**Work to complete:** As written and without pictures, set down the lines from the one that contains "A wild hairstyle" through the end of the data.

**Input data:**
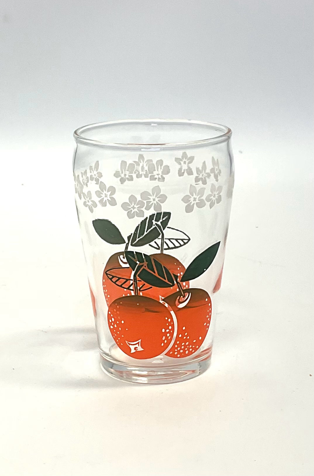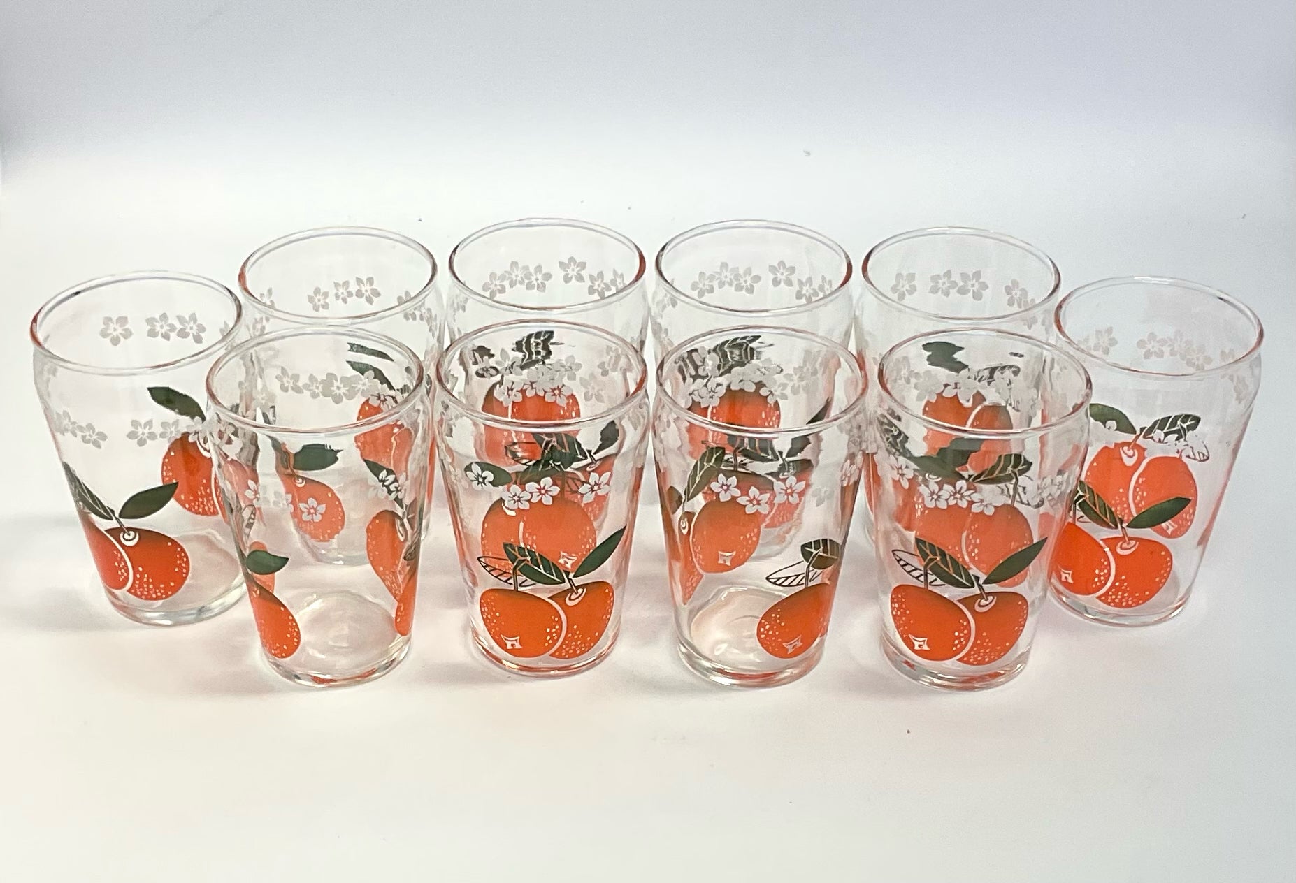 Set of 10 Vintage Juice Glasses clear with orange motif
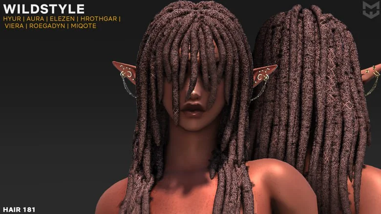 A wild hairstyle inspired by ‘Tia Dalma from Pirates of the Caribbean.’ Replaces hair 181 for all fem races (Lalafell Excluded)
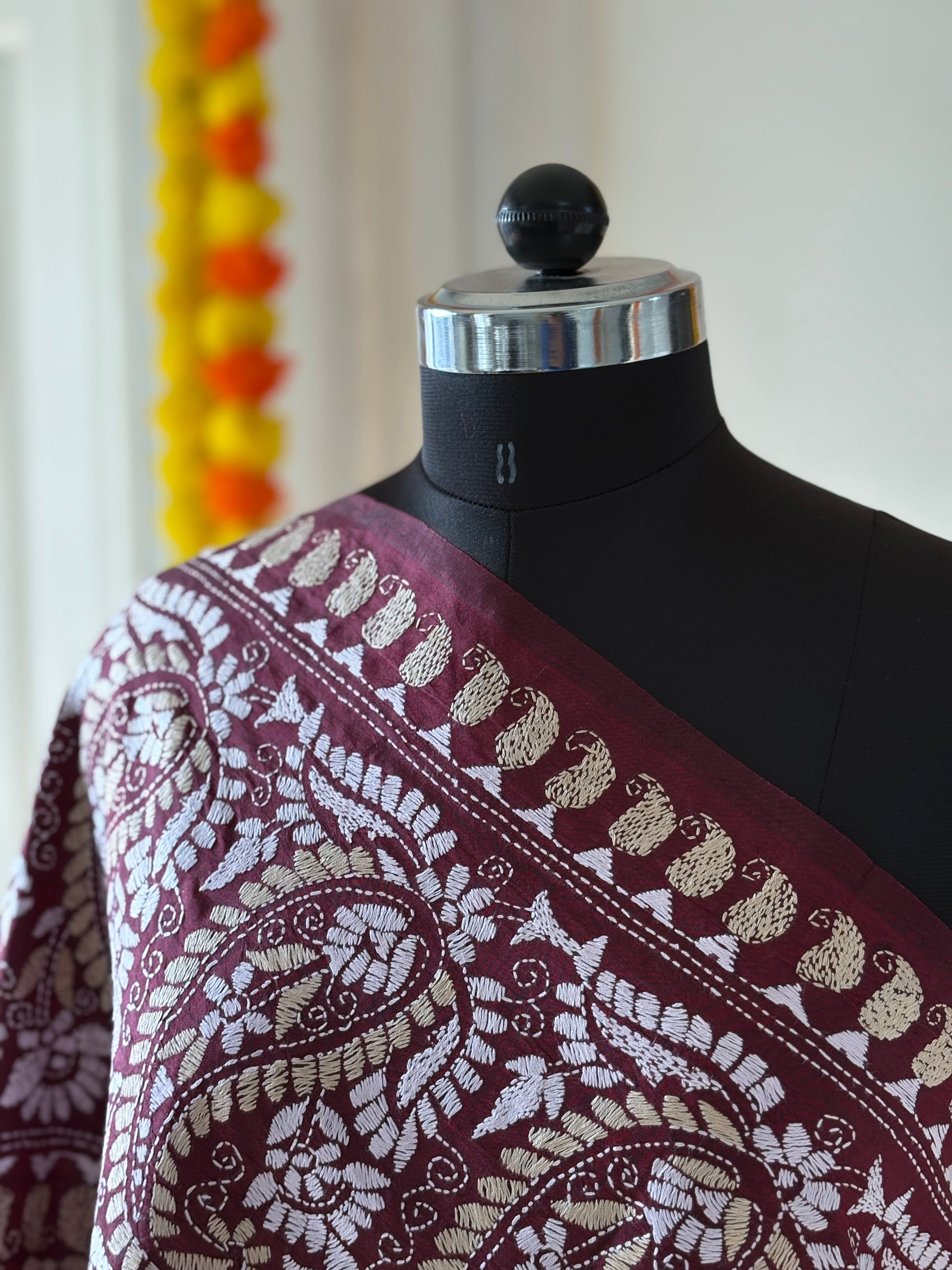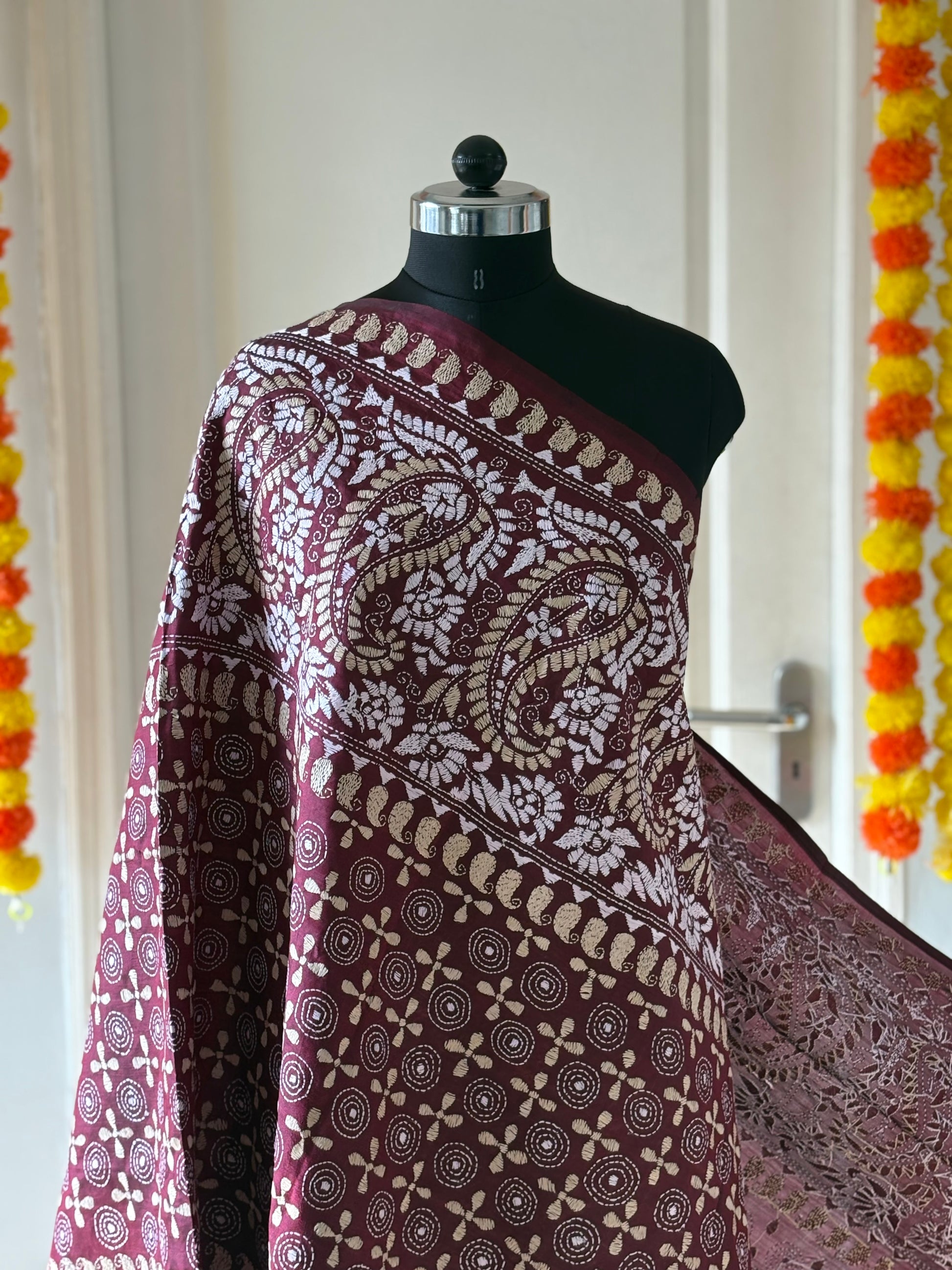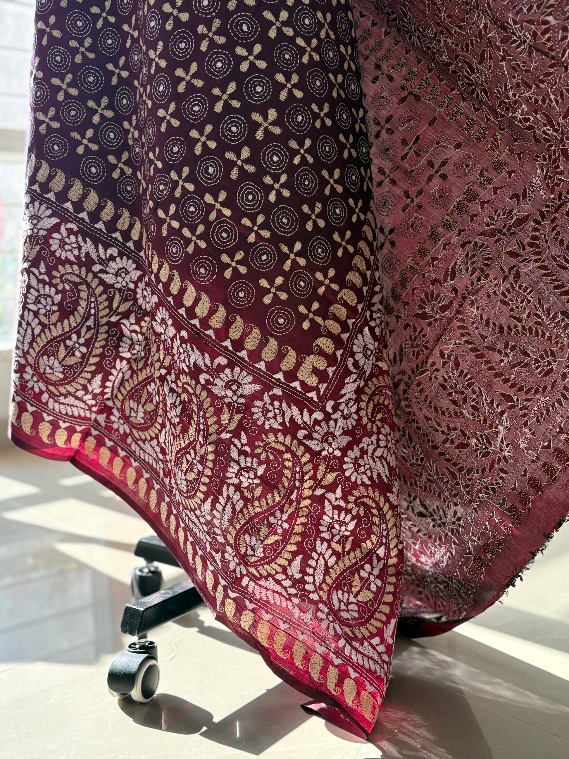 Kantha Hand Embroidary Full Work Pure Banglore Silk Dupatta. (With Silk Mark)

**Worked solution:**
 A wild hairstyle inspired by ‘Tia Dalma from Pirates of the Caribbean.’ Replaces hair 181 for all fem races (Lalafell Excluded)
 Kantha Hand Embroidary Full Work Pure Banglore Silk Dupatta. (With Silk Mark)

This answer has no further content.